» Data provided
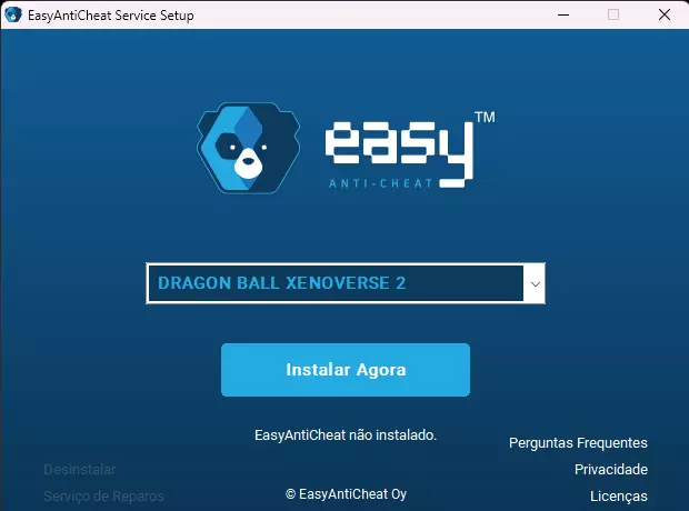 5. 启动游戏 有两种使用模组游玩游戏的方式。如果你打算完全离线游玩,选择第一种方法。否则,如果你想与安装了相同模组的朋友在线游玩,选择第二种方法。如果你安装了模组,将无法与使用原版(未安装模组)游戏的玩家在线游玩。 5.1 离线游玩(DBXV2.exe - 无EAC) 要使用模组进行离线游玩,安装模组后,通过“bin”文件夹内的“DBXV2.exe”文件启动游戏……这样就可以了!只需确保始终通过这种方式启动游戏。如果你通过Steam库或桌面图标启动游戏,将会开启Easy Anti-Cheat(反作弊系统),这会阻止游戏启动。或者,你可以在游戏目录的专用文件夹中打开程序并禁用EAC。但请注意,这样做后你将无法在线游玩游戏(以下是从【七龙珠:超宇宙2】中卸载Easy Anti-Cheat程序后该程序应有的样子)。
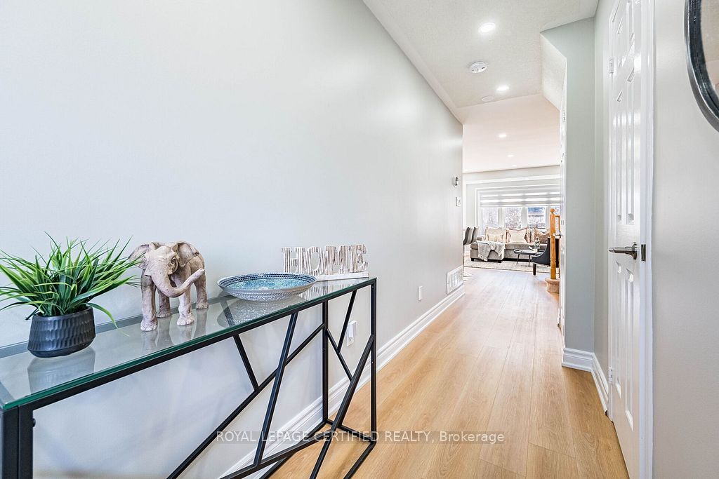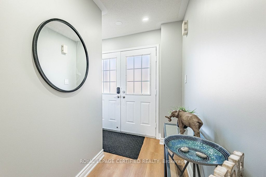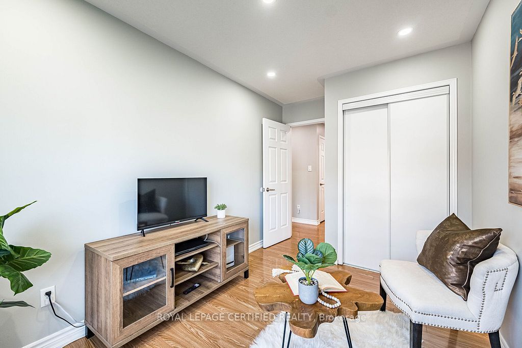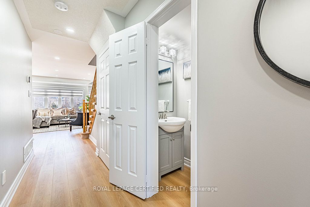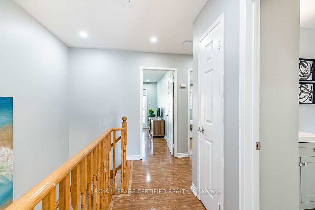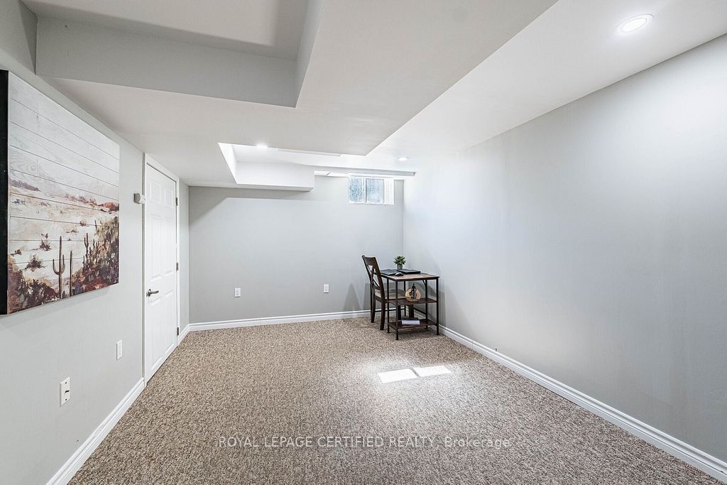 Welcome to this beautifully maintained freehold townhome (no condo or potl fees) in georgetown's sought-after dominion gardens-offering stylish, move-in-ready living with extensive recent upgrades throughout. The open-concept main foor features new flooring (2026), a cozy natural gas fireplace, and a fully renovated kitchen(2026) with modern cabinetry, quartz countertops & backsplash, and new stainless steel appliances. Pot lights on all three levels provide a bright, modern ambiance throughout the home. Upstairs, the spacious primary bedroom offers semi-ensuite access to an updated main bathroom, complemented by two additional well-sized bedrooms, including one with a walkout to affront balcony. Custom zebra blinds add a sleek, contemporary finish. The finished basement adds valuable living space-ideal for a family room, home office, or gym + additional storage space. Enjoy a fully fences backyard with mature landscaping, plus a private driveway for two cars plus single-car garage with no side walk. Extensive upgrades include: ac (2024), furnace (2025), renovated kitchen & appliances fridge (2026),dishwasher (2026), main floor flooring (2026), staircase carpet (2026), clothes washer (2026), water softener & reverse osmosis system (2024)owned, and pot lights throughout all three levels. Located within walking distance to parks, splash pad, trails, shopping, restaurants, outlet mall, and go train. Close to excellent schools in a family-friendly neighbourhood-an exceptional opportunity to own a turnkey freehold home. Freehold townhome - no condo fees. Fully renovated kitchen (2026)+ cabinets+quartz countertop & backsplash + island. Pot lights on all 3 levels. New flooring main (2026) + stair carpet(2026). Finished basement (family room/ofce/gym). Ac(2024) & furnace(2025). Water softener +reverse osmosis(2024). Private driveway(2 cars) + garage. No sidewalk. Fully fences backyard with mature trees. Walking distance to go train, parks, trails, shopping & schools.
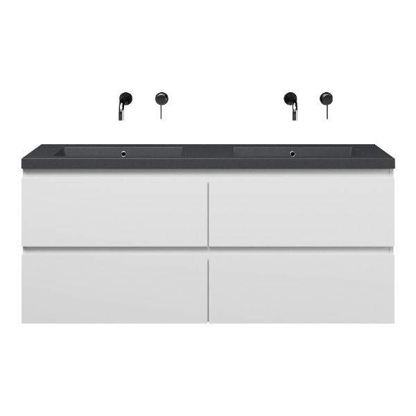 | | Bellanti Gisella/Esta-Q badmeubel 140x46 4 softclose laden wit mat greeploos quartz wastafel dubbel mat grijs zonder kraangaten |
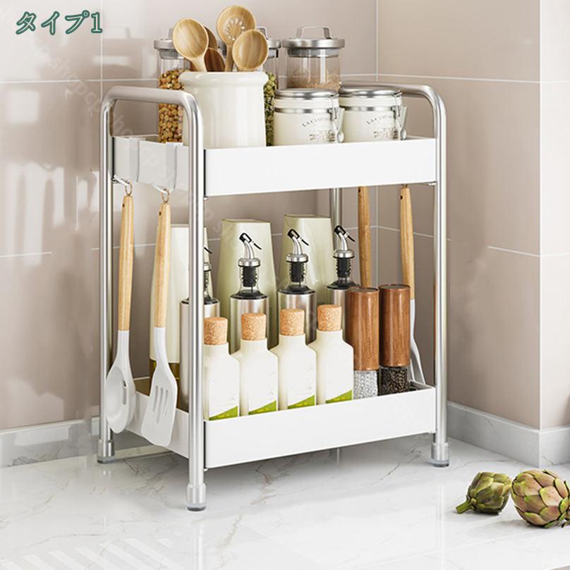 キッチンラック 2段 台所 収納ラック キッチン 卓上 ラック 棚 スリム ステンレス オープンラック シェルフ 調味料ラック キッチンテーブル棚スパイスホルダー 台所収納ラック 省スペース 防水で清潔にしやすい 卓上整理 shopcp。
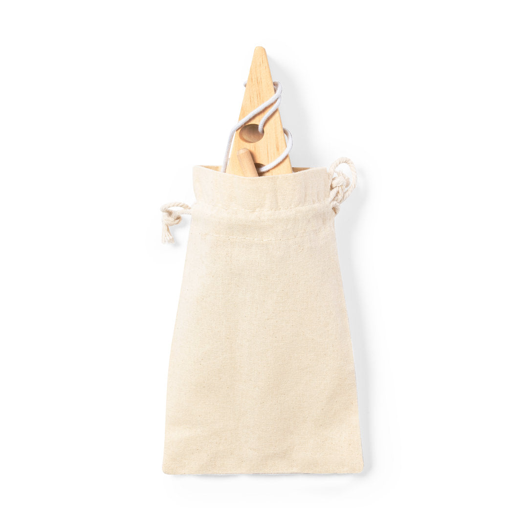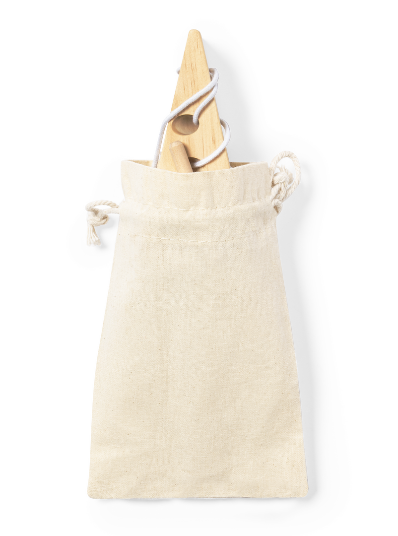 Juego de habilidad fabricado en resistente madera de pino natural y en bolsa de transporte 100% algodón con cordones de cierre.
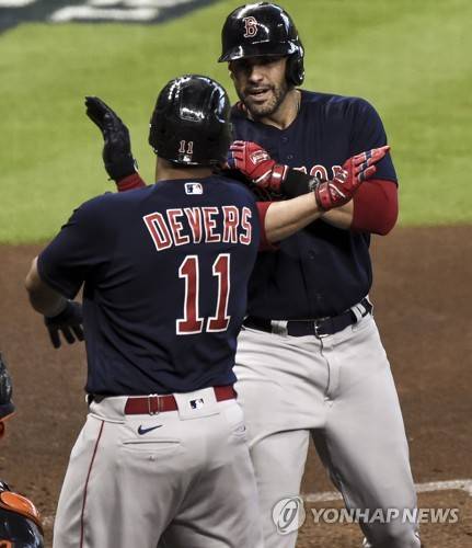 epa09527826 Boston Red Sox designated hitter J.D. Martinez (R) celebrates with Boston Red Sox third baseman Rafael Devers (L) after hitting a grand slam home run in the first inning of game two of the American League Championship Series between the Boston Red Sox and the Houston Astros at Minute Maid Park in Houston, Texas, USA, 16 October 2021. EPA/KEN MURRAY

» Exercise prompt
Leave out all images, then reproduce the entries above exactly.

» Your solution
 5. 启动游戏 有两种使用模组游玩游戏的方式。如果你打算完全离线游玩,选择第一种方法。否则,如果你想与安装了相同模组的朋友在线游玩,选择第二种方法。如果你安装了模组,将无法与使用原版(未安装模组)游戏的玩家在线游玩。 5.1 离线游玩(DBXV2.exe - 无EAC) 要使用模组进行离线游玩,安装模组后,通过“bin”文件夹内的“DBXV2.exe”文件启动游戏……这样就可以了!只需确保始终通过这种方式启动游戏。如果你通过Steam库或桌面图标启动游戏,将会开启Easy Anti-Cheat(反作弊系统),这会阻止游戏启动。或者,你可以在游戏目录的专用文件夹中打开程序并禁用EAC。但请注意,这样做后你将无法在线游玩游戏(以下是从【七龙珠:超宇宙2】中卸载Easy Anti-Cheat程序后该程序应有的样子)。
 Welcome to this beautifully maintained freehold townhome (no condo or potl fees) in georgetown's sought-after dominion gardens-offering stylish, move-in-ready living with extensive recent upgrades throughout. The open-concept main foor features new flooring (2026), a cozy natural gas fireplace, and a fully renovated kitchen(2026) with modern cabinetry, quartz countertops & backsplash, and new stainless steel appliances. Pot lights on all three levels provide a bright, modern ambiance throughout the home. Upstairs, the spacious primary bedroom offers semi-ensuite access to an updated main bathroom, complemented by two additional well-sized bedrooms, including one with a walkout to affront balcony. Custom zebra blinds add a sleek, contemporary finish. The finished basement adds valuable living space-ideal for a family room, home office, or gym + additional storage space. Enjoy a fully fences backyard with mature landscaping, plus a private driveway for two cars plus single-car garage with no side walk. Extensive upgrades include: ac (2024), furnace (2025), renovated kitchen & appliances fridge (2026),dishwasher (2026), main floor flooring (2026), staircase carpet (2026), clothes washer (2026), water softener & reverse osmosis system (2024)owned, and pot lights throughout all three levels. Located within walking distance to parks, splash pad, trails, shopping, restaurants, outlet mall, and go train. Close to excellent schools in a family-friendly neighbourhood-an exceptional opportunity to own a turnkey freehold home. Freehold townhome - no condo fees. Fully renovated kitchen (2026)+ cabinets+quartz countertop & backsplash + island. Pot lights on all 3 levels. New flooring main (2026) + stair carpet(2026). Finished basement (family room/ofce/gym). Ac(2024) & furnace(2025). Water softener +reverse osmosis(2024). Private driveway(2 cars) + garage. No sidewalk. Fully fences backyard with mature trees. Walking distance to go train, parks, trails, shopping & schools.
 | | Bellanti Gisella/Esta-Q badmeubel 140x46 4 softclose laden wit mat greeploos quartz wastafel dubbel mat grijs zonder kraangaten |
 キッチンラック 2段 台所 収納ラック キッチン 卓上 ラック 棚 スリム ステンレス オープンラック シェルフ 調味料ラック キッチンテーブル棚スパイスホルダー 台所収納ラック 省スペース 防水で清潔にしやすい 卓上整理 shopcp。
 Juego de habilidad fabricado en resistente madera de pino natural y en bolsa de transporte 100% algodón con cordones de cierre.
 epa09527826 Boston Red Sox designated hitter J.D. Martinez (R) celebrates with Boston Red Sox third baseman Rafael Devers (L) after hitting a grand slam home run in the first inning of game two of the American League Championship Series between the Boston Red Sox and the Houston Astros at Minute Maid Park in Houston, Texas, USA, 16 October 2021. EPA/KEN MURRAY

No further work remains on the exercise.